The phase I recovered sands had an average porosity at 800 psi (5.5 MPa) confining pressure of 39.3%. At 1800 psi (12.4 MPa), this average had decreased to 37.3%. The Ugnu sandstones exhibited very high permeability. Several samples were close to 20 d. The geometrical mean of the permeability at 800 psi (5.5 MPa) confining pressure was 3.72 d. At 1800 psi (12.4 MPa), it had been reduced to 3.15 d. No discernable correlation between porosity and permeability was observed. The average grain density was 2.64 g/cm3. The bulk modulus ranged from about 20,000 to 60,000 psi (138 to 414 MPa).
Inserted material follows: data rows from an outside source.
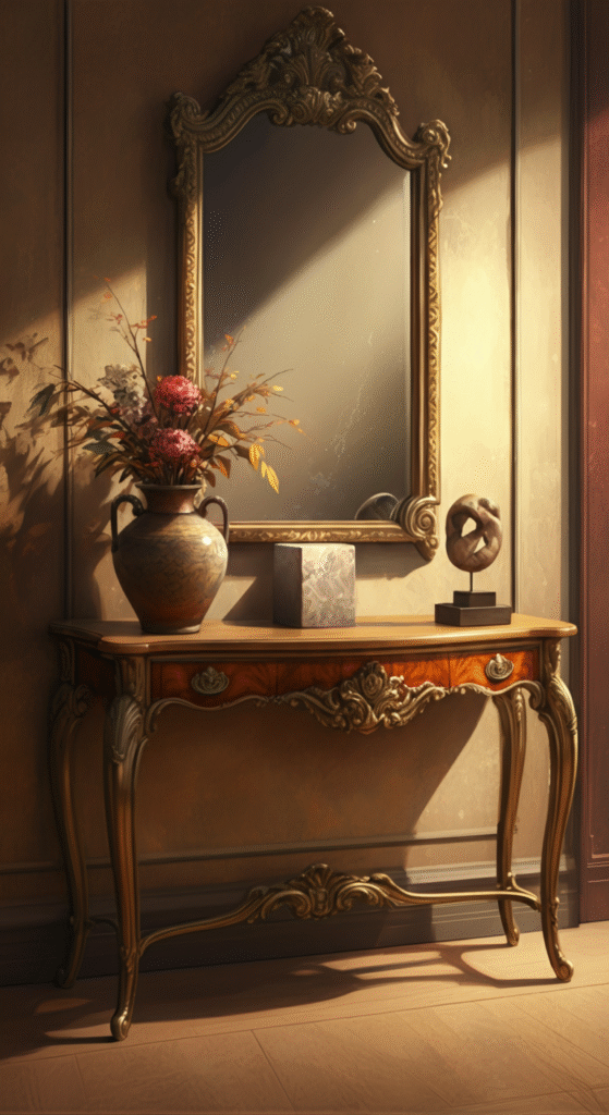 A classic console table is a versatile piece that can be placed against the wall, in a hallway, or beneath a window. Whether used for holding decorative objects, family photos, or flowers, the console table adds a refined touch to any room.
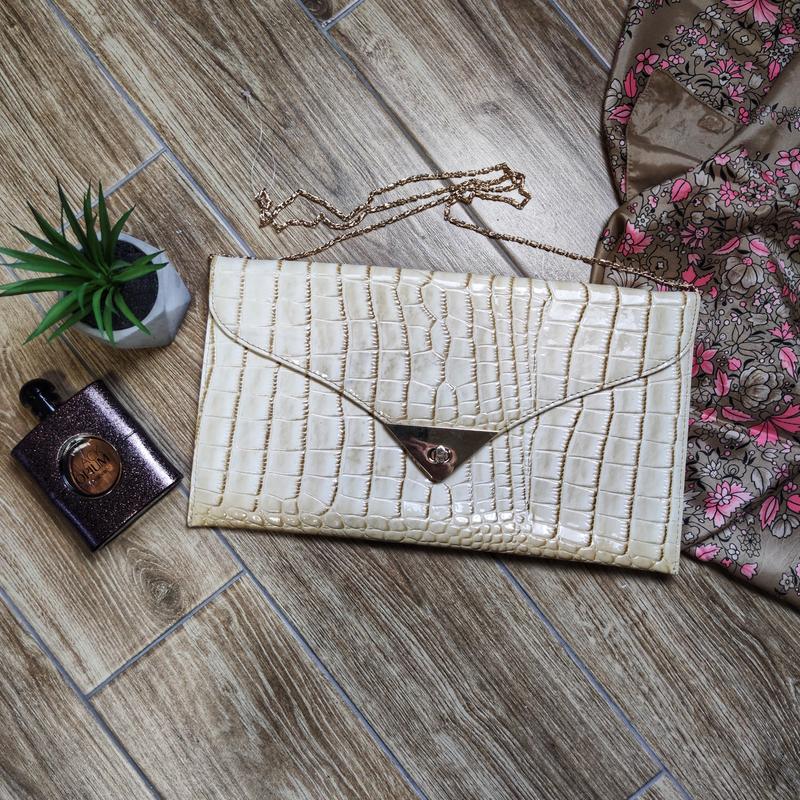 💝 Стильный клатч с тиснением под рептилию на тонкой цепочке. Цепочка снимается. Бренд не указан. Внутри одно отделение и маленький карман на молнии. Сумка не была в носке, на цепочке ещё осталась леска от бирки, но на подкладке есть розовое пятно, предположительно от фломастера. На фото видно. 📏 Замеры: ширина 36,5; высота 20, длина цепочки 108.
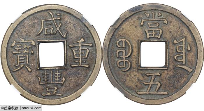 清代咸丰宝源当五母钱,GBCA-92,外郭精整,字口犀利,母钱风范十足,4.4万美元落槌,含佣约合人民币37.75万元成交;清代咸丰宝源当五母钱,GBCA-90,地章平整,笔划分明,2.4万美元落槌;清代咸丰宝源当五十,中乾-88,棕黄包浆,钱文流畅,1200美元落槌;清代咸丰宝陕当十样钱,中乾,外缘规整,包浆熟美,1900美元落槌;清代咸丰通宝一统天下宫钱,中乾-85,阔缘大字,外郭轻微磕痕,9000美元落槌。
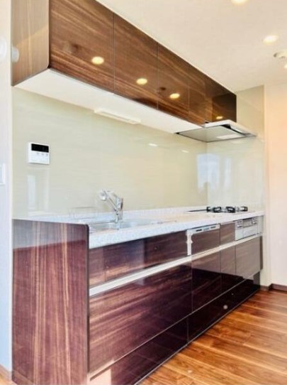 リビングからの開放感ある眺めが特徴的な二面採光の角部屋。3口ガスのシステムキッチンや追い炊き、浴室乾燥機、三面鏡付独立洗面台、温水洗浄便座等の設備に優れ、宅配ボックスやゴミ置場等の共用設備も充実。

The phase II recovered sands were slightly less porous on the average. At 800 psi (5.5 MPa) confining pressure, the average porosity was 37.2%. This was reduced to 35.4% at 1800 psi (12.4 MPa). The phase II recovered sands were considerably lower in permeability than the phase I recovered sands. At 800 psi (5.5 MPa) confining pressure, its geometric mean permeability was 0.633 d. This was reduced to 0.486 d at 1800 psi (12.4 MPa). A good correlation between porosity and permeability was observed. The average grain density for the phase II recovered sands was 2.70 g/cm3. The bulk modulus ranged from 20,000 to 100,000 psi (138 to 690 MPa).
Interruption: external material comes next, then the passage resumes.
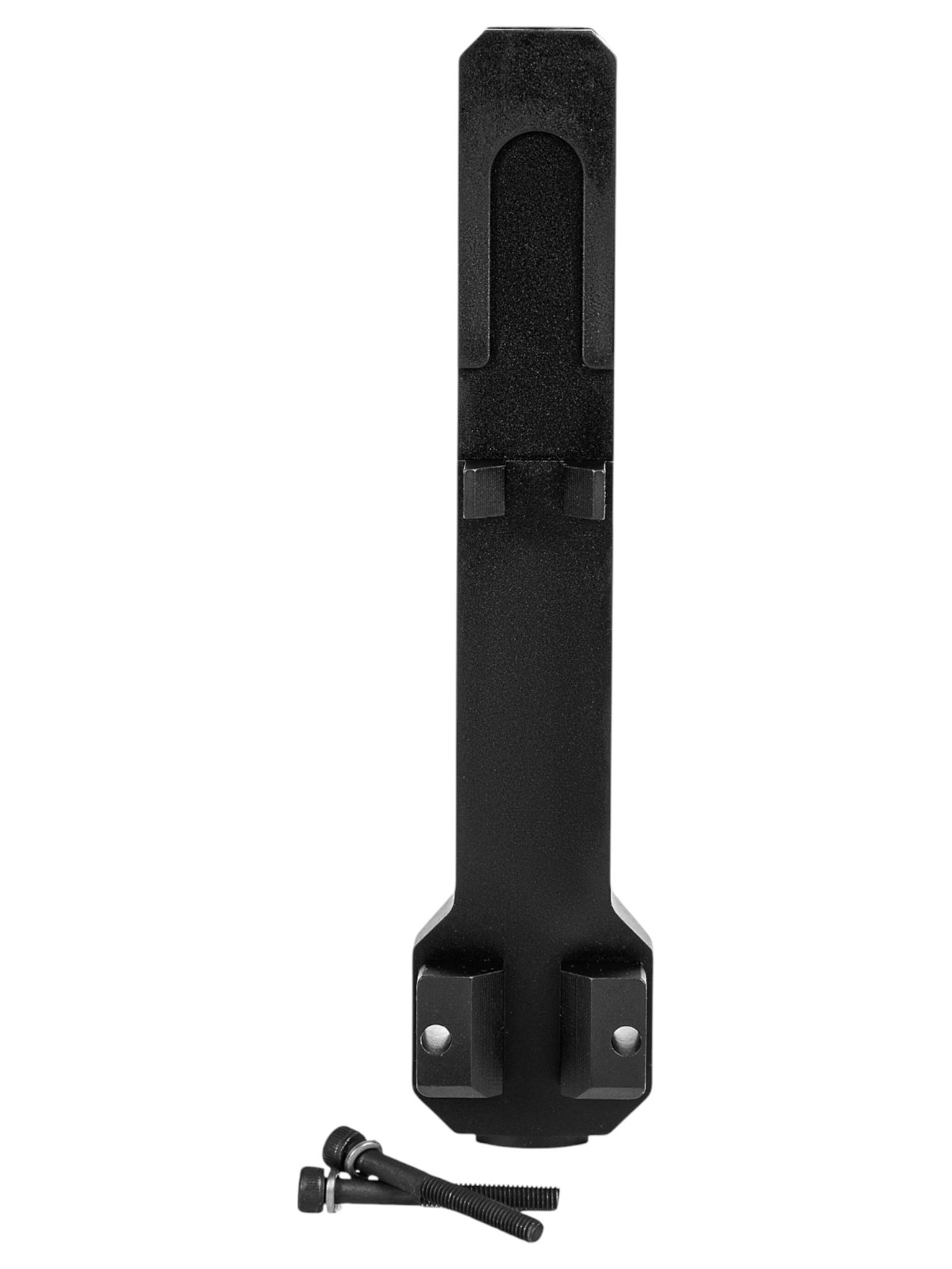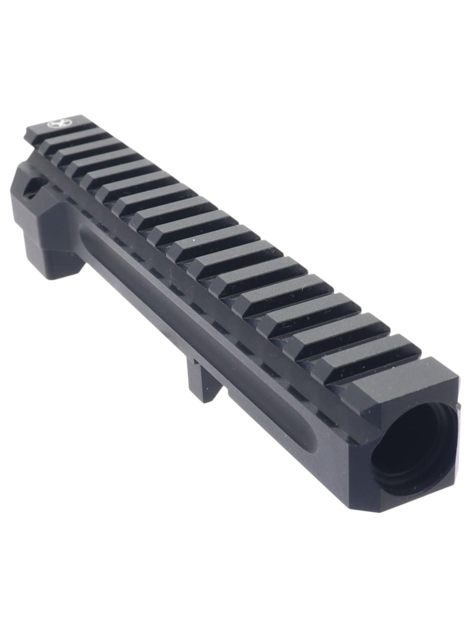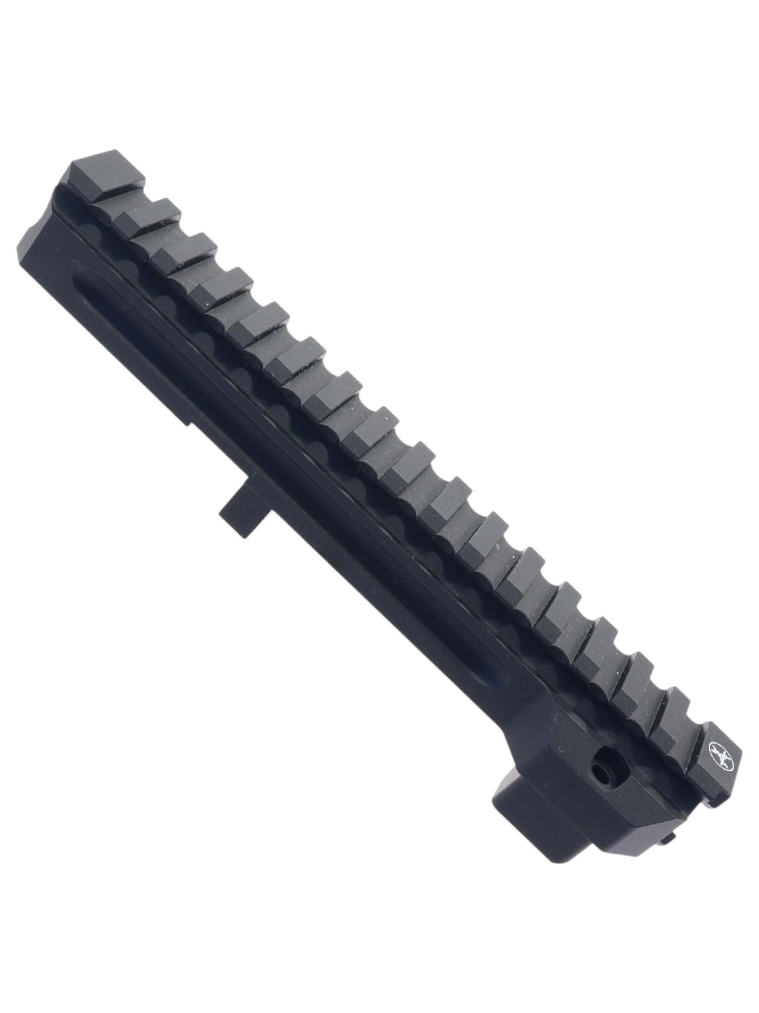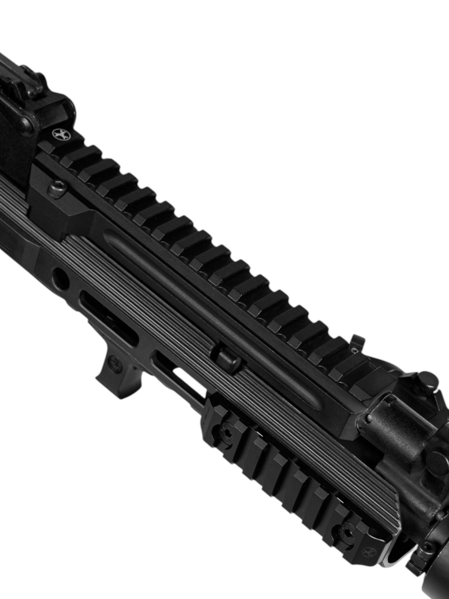 Пятидюймовая планка Пикатинни позволяет монтировать коллиматорные и оптические прицелы максимально близко к линии ствола. Возможна установка фонарей, ЛЦУ и иного навесного оборудования.

Five anomalous thin hard cemented sand zones were observed in the phase II recovered core. Three of the zones were sampled. Two of the sampled zones had porosity in the 1 to 2% range and permeability in the microdarcy range. Porosities in a third zone were in the 10 to 20% range and permeability in the microdarcy to tens of microdarcys range. With one exception, the bulk moduli in these anomalous hard zones were an order of magnitude larger than the unconsolidated sands. The grain densities were similar to the West Sak unconsolidated sandstones.